> How to complete this task:
Return every line of the records below verbatim, with no pictures in the copy.

========================================

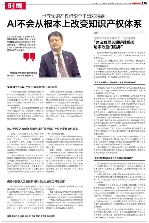 3月26日至29日,以“亚洲与世界:共同的挑战,共同的责任”为主题的博鳌亚洲论坛2024年年会在海南博鳌举行,世界知识产权组织(WIPO)总干事邓鸿森在出席论坛期间接受了媒体采访。
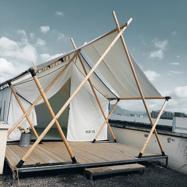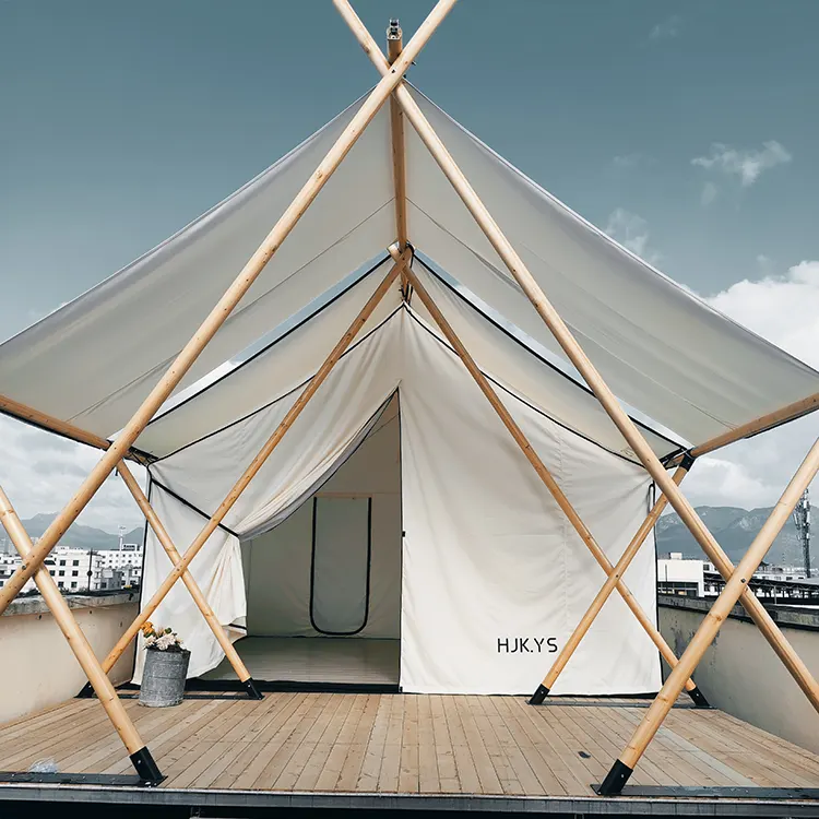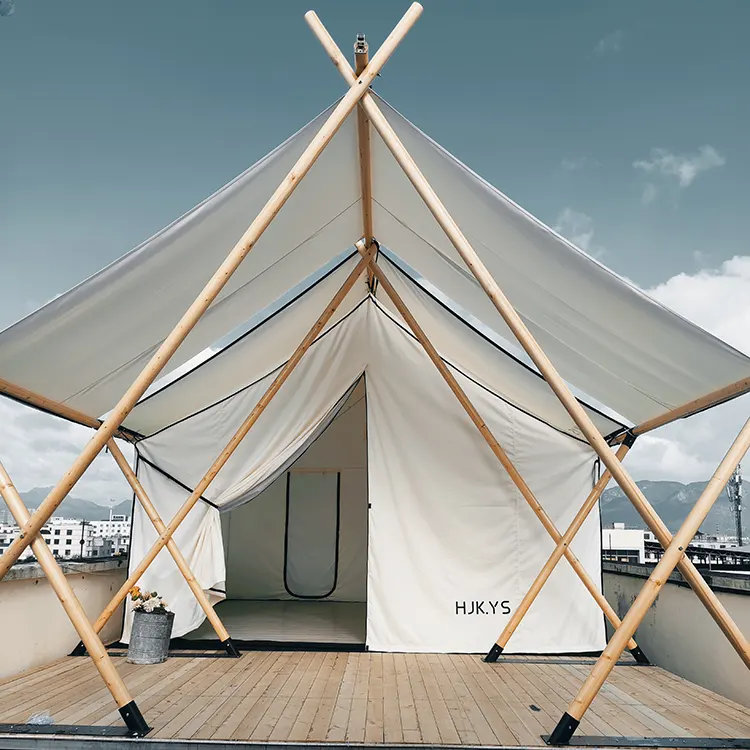 HJK.YS là nhà sản xuất lều đi săn bằng vải canvas hai lớp chống thấm nước hàng đầu Trung Quốc. Chúng tôi cung cấp các giải pháp lều toàn diện cho khách sạn. Lều khách sạn của chúng tôi có khả năng chống gió và có thể được sử dụng với dây thừng chống gió để chống gió mạnh. Có thể tách rời, dễ dựng và có thể tách ra để sử dụng. Chống mưa, chống thấm nước, quy trình kết dính, vải phủ chống thấm nước. Vải Oxford bền, chống mài mòn 900D dán khung gỗ nguyên khối. Thiết kế rèm thoáng khí, thoáng khí giúp tăng cường lưu thông không khí. Nhiệt độ không đổi, vải chải kỹ mật độ cao, thoải mái và không oi bức. Lều khách sạn này có thiết kế rèm đôi, vải chống thấm chất lượng cao, không gian trong nhà rộng rãi và kết cấu cột gỗ chắc chắn được dán chắc chắn. Không gian rộng không bị giới hạn, diện tích tổng thể khoảng 5x8≈40 mét vuông, không gian trong suốt và không bị chặn, thiên nhiên ôm ấp sâu lắng. Dù là sự kiện xây dựng nhóm của công ty hay đoàn tụ với bạn bè, lều khách sạn của chúng tôi mang đến khung cảnh hoàn hảo cho một buổi hẹn hò trải nghiệm nhóm đáng nhớ.
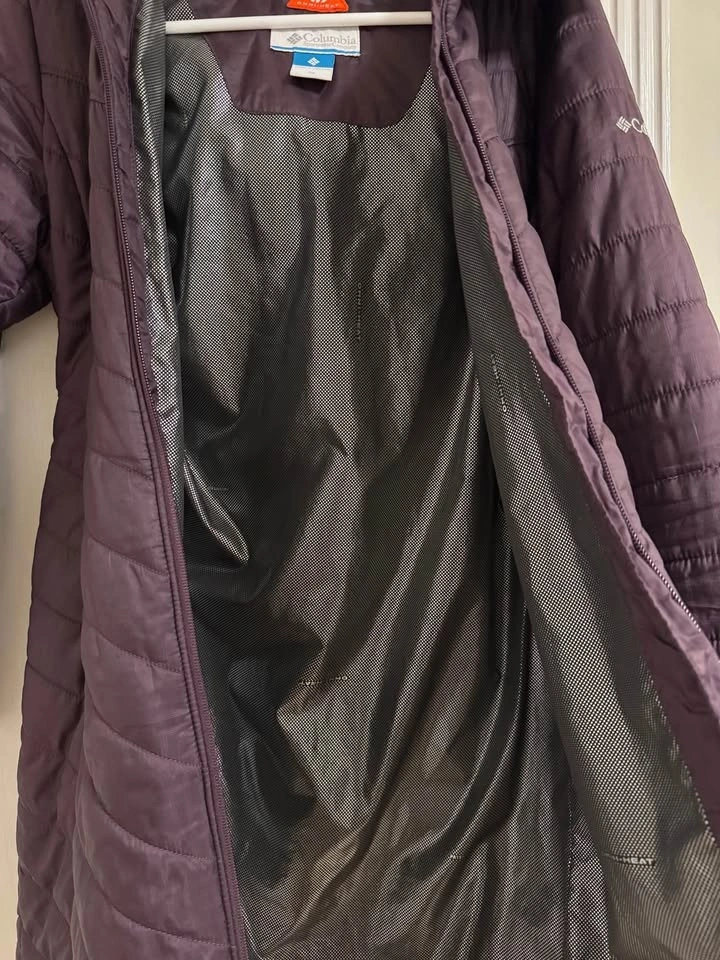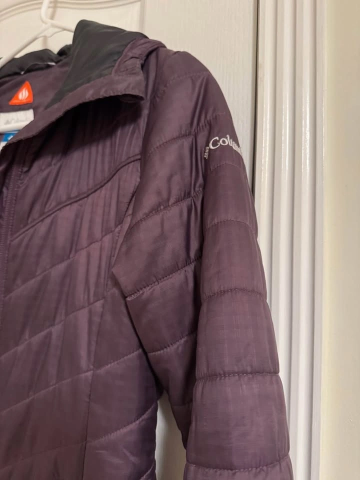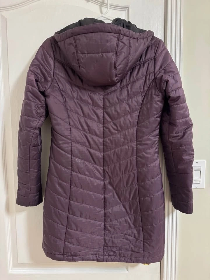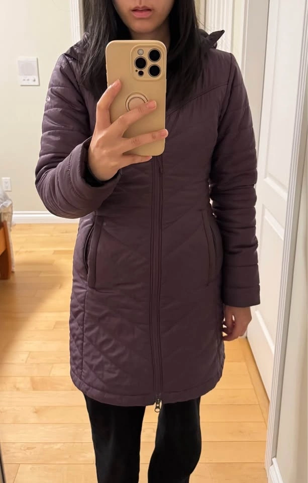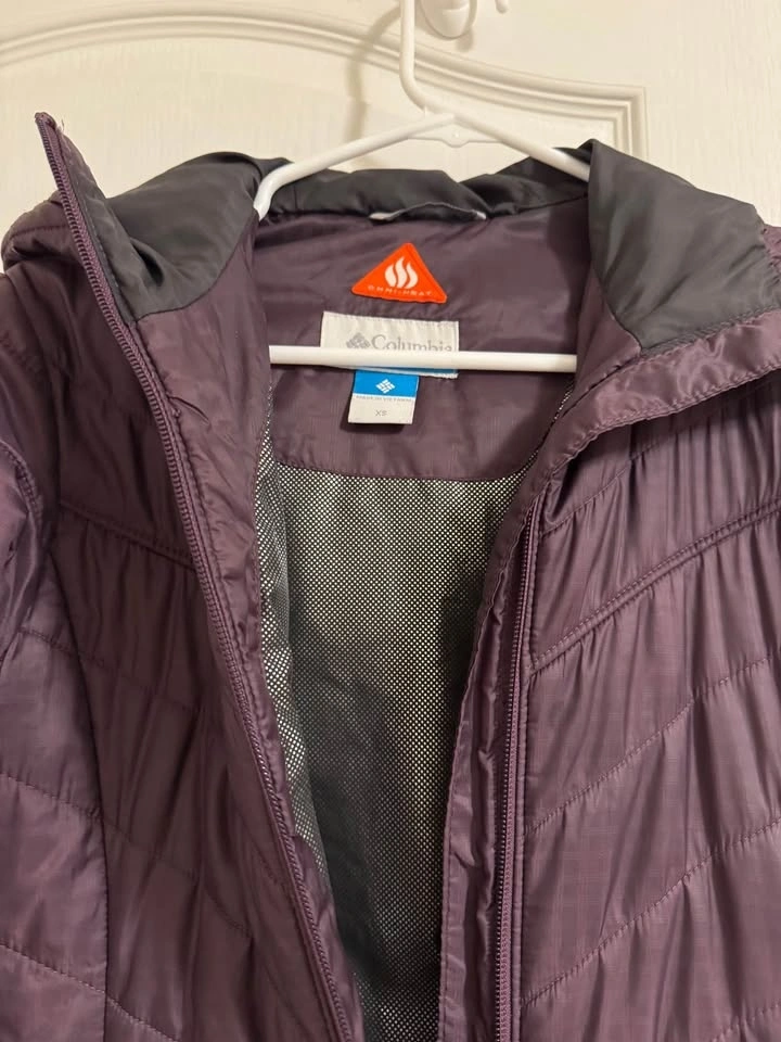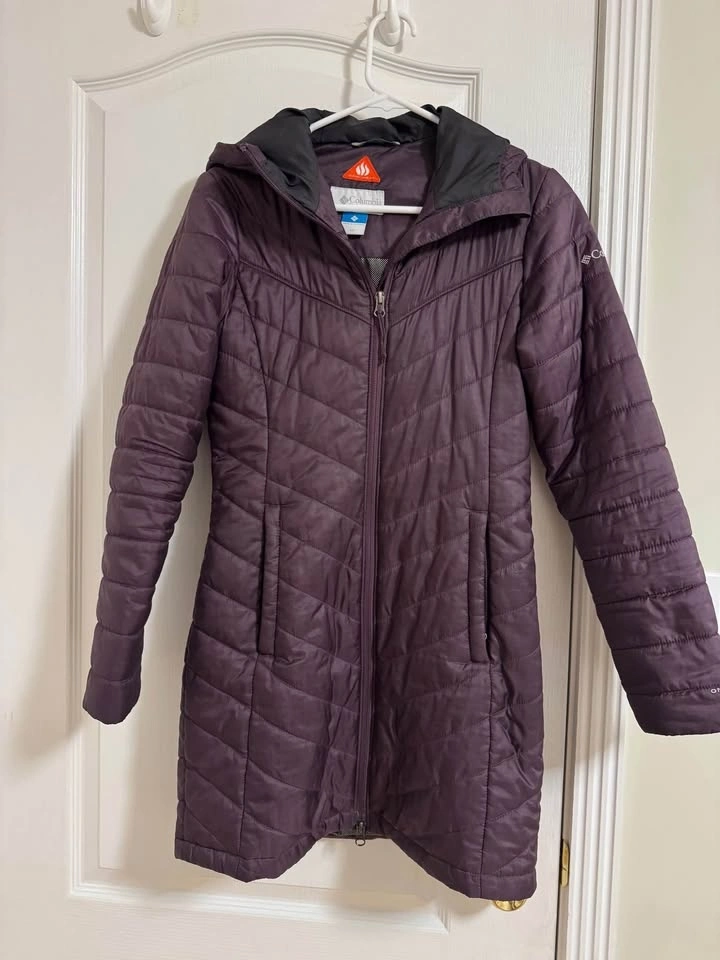 Long Purple Columbia Omni-heat Coat - Size XS/S Has Omni-heat technology that uses body heat for warmth Shell and lining are 100% polyester; arm sleeves are 100% nylon Double zipper heads in centre Has 2 side zip pockets and one inner zip pocket In great condition; no damages or issues Pick-up near Oakridge Centre
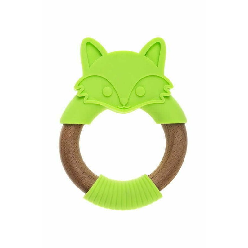Jucarie de dentitie, Bocioland, Din silicon si lemn, Usor de prins, Bpa Free, Vulpe, Verde
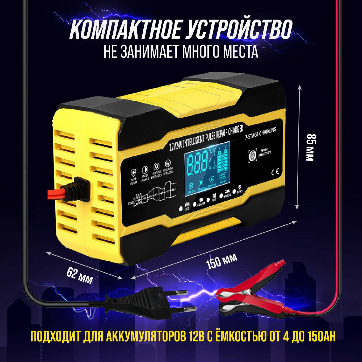 Электронный дисплей показывает текущее напряжение, процент заряда и этап процесса (например, "зарядка", "восстановление"). Это позволяет отслеживать прогресс в реальном времени — например, при зарядке с 40% до 100% за 2-3 часа. Информация обновляется динамически, но детали вроде силы тока не выводятся. -
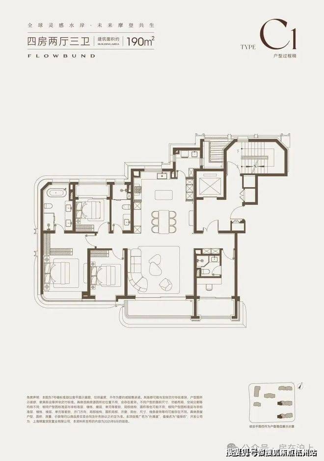 190㎡四房 :L形布局,江景视野好但动线稍紧凑。
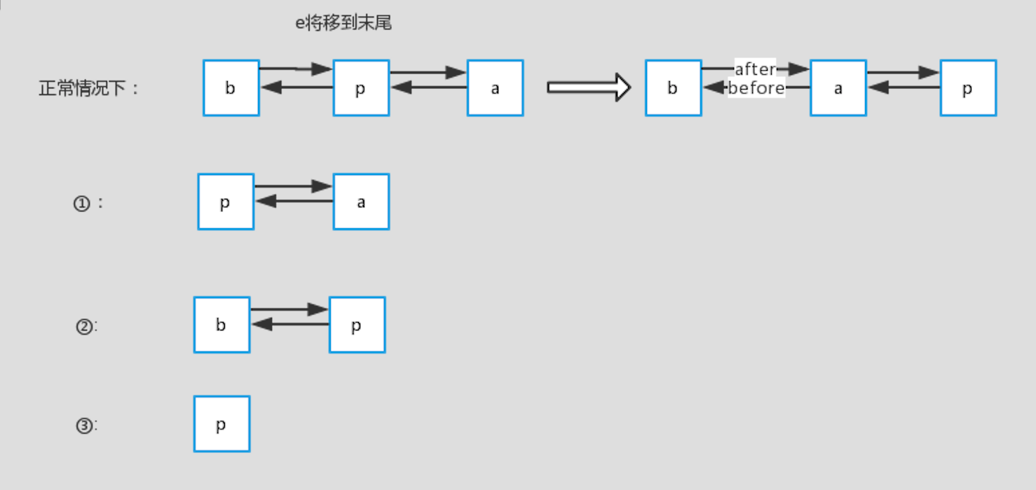 //仅当按照LRU原则且e不在最末尾,才执行修改链表,将e移到链表最末尾的操作
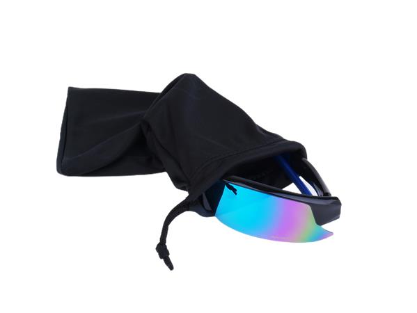 Sportnapszemüveg füstszínű polarizált lencsével, fekete műanyag kerettel, színátmenetes lencsebevonattal.

========================================

> Problem solution:
 3月26日至29日,以“亚洲与世界:共同的挑战,共同的责任”为主题的博鳌亚洲论坛2024年年会在海南博鳌举行,世界知识产权组织(WIPO)总干事邓鸿森在出席论坛期间接受了媒体采访。
 HJK.YS là nhà sản xuất lều đi săn bằng vải canvas hai lớp chống thấm nước hàng đầu Trung Quốc. Chúng tôi cung cấp các giải pháp lều toàn diện cho khách sạn. Lều khách sạn của chúng tôi có khả năng chống gió và có thể được sử dụng với dây thừng chống gió để chống gió mạnh. Có thể tách rời, dễ dựng và có thể tách ra để sử dụng. Chống mưa, chống thấm nước, quy trình kết dính, vải phủ chống thấm nước. Vải Oxford bền, chống mài mòn 900D dán khung gỗ nguyên khối. Thiết kế rèm thoáng khí, thoáng khí giúp tăng cường lưu thông không khí. Nhiệt độ không đổi, vải chải kỹ mật độ cao, thoải mái và không oi bức. Lều khách sạn này có thiết kế rèm đôi, vải chống thấm chất lượng cao, không gian trong nhà rộng rãi và kết cấu cột gỗ chắc chắn được dán chắc chắn. Không gian rộng không bị giới hạn, diện tích tổng thể khoảng 5x8≈40 mét vuông, không gian trong suốt và không bị chặn, thiên nhiên ôm ấp sâu lắng. Dù là sự kiện xây dựng nhóm của công ty hay đoàn tụ với bạn bè, lều khách sạn của chúng tôi mang đến khung cảnh hoàn hảo cho một buổi hẹn hò trải nghiệm nhóm đáng nhớ.
 Long Purple Columbia Omni-heat Coat - Size XS/S Has Omni-heat technology that uses body heat for warmth Shell and lining are 100% polyester; arm sleeves are 100% nylon Double zipper heads in centre Has 2 side zip pockets and one inner zip pocket In great condition; no damages or issues Pick-up near Oakridge Centre
Jucarie de dentitie, Bocioland, Din silicon si lemn, Usor de prins, Bpa Free, Vulpe, Verde
 Электронный дисплей показывает текущее напряжение, процент заряда и этап процесса (например, "зарядка", "восстановление"). Это позволяет отслеживать прогресс в реальном времени — например, при зарядке с 40% до 100% за 2-3 часа. Информация обновляется динамически, но детали вроде силы тока не выводятся. -
 190㎡四房 :L形布局,江景视野好但动线稍紧凑。
 //仅当按照LRU原则且e不在最末尾,才执行修改链表,将e移到链表最末尾的操作
 Sportnapszemüveg füstszínű polarizált lencsével, fekete műanyag kerettel, színátmenetes lencsebevonattal.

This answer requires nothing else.